2. INTRODUCTION
Clustering is an unsupervised learning method of data abstraction.
The method of identifying similar groups of data in a dataset is
called Clustering.
It is basically a collection of objects on the basis of similarity and
dissimilarity between them.
3. TYPES OF CLUSTERING
Hard Clustering
In hard clustering, each data point either belongs to a cluster
completely or not.
Soft Clustering
Soft clustering is about grouping the data items such that
an item can exists in multiple clusters.
4. CLUSTERING METHODS
Density-Based Methods :
These method search the data space for areas of varied density of data points in
the data space.
Hierarchical Based Methods:
In this method, the clusters forms a tree-type structure based on the hierarchy
New clusters are formed using the previously formed one.
It is divided into two category
• Agglomerative
• Divisive
5. Partitioning Based Methods:
These methods partition the objects into k cluster and each partition forms
one cluster.
example :- K means
Grid-Based Methods:
In this method, the data space is formulated into a finite number of cells
that form a grid-like structure.
6. K Means Clustering
It is an algorithm to group similar elements or data points to cluster.
The number of groups or cluster is represented by k.
It assumes that the object attribute forms a vector space based on features
that are already provided.
7. K Means Clustering Algorithm
Step 1: First we initialize k points, called means, randomly.
Step 2:We categorize each item to its closest mean and we update the mean’s
coordinates, which are the averages of the items categorized in that mean so
far.
Step 3: We repeat the process for a given number of iterations and at the end,
we have our clusters.
8. Example of K-means Clustering
Let us consider a table
Individual Height Weight
1 185 72
2 170 56
3 168 60
4 179 68
5 182 72
9. Step 1: Randomly we choose two centroids for two clusters
k1=(185,72)
k2=(170,56)
Step 2: Now using these centroids we compute Eucledian Distance 3rd point
ED=sqrt[(xo-xc)^2+(y0-yc)^2]
k1=sqrt[(168-185)^2+(60-72)^2]
k1=20.80
k2=sqrt[(168-170)^2+(60-56)^2]
k2=4.48
Therefore 3 belongs to k2
Step 3: Calculate new centroid values for k2
k2=[(170+168)/2 , (60+56)/2]
k2=(169,58)
Individual Height Weight
1 185 72
2 170 56
3 168 60
4 179 68
5 182 72
11. Hierarchical Clustering
Hierarchical Clustering finds successive clusters using previously
established clusters.
No Assumptions on the number of clusters.
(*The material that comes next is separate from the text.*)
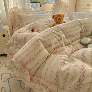 法式公主风花边纯水洗棉床上四件套学生被罩宿舍少女心床裙床笠款

12. Agglomerative Hierarchical Clustering
Initially consider every data point as an individual Cluster and at every
step, merge the nearest pairs of the cluster.
It is a bottom-up method.
At first every data set is considered as individual entity or cluster.
At every iteration, the clusters merge with different clusters until one
cluster is formed.
14. Divisive Hierarchical Clustering
Divisive Hierarchical clustering is precisely the opposite of the
Agglomerative Hierarchical clustering.
In Divisive Hierarchical clustering, we take into account all of the data
points as a single cluster.
In every iteration, we separate the data points from the clusters which
aren’t comparable.
In the end, we are left with N clusters.